++++ Input for this task

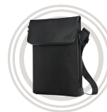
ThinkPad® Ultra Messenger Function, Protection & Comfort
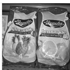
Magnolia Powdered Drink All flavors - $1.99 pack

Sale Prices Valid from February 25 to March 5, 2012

++++++++
++++ Input for this task

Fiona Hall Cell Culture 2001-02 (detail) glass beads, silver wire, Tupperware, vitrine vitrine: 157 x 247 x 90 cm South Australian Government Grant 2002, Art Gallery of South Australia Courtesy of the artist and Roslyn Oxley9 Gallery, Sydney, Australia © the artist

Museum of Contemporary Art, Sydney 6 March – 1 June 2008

++++++++

§ **Task requirements**: Restate word for word the entries above, starting at the line with "Magnolia Powdered Drink" and ending at the line with "Sale Prices Valid", inclusive, and no others.

§ **Completed task**:
Magnolia Powdered Drink All flavors - $1.99 pack

Sale Prices Valid from February 25 to March 5, 2012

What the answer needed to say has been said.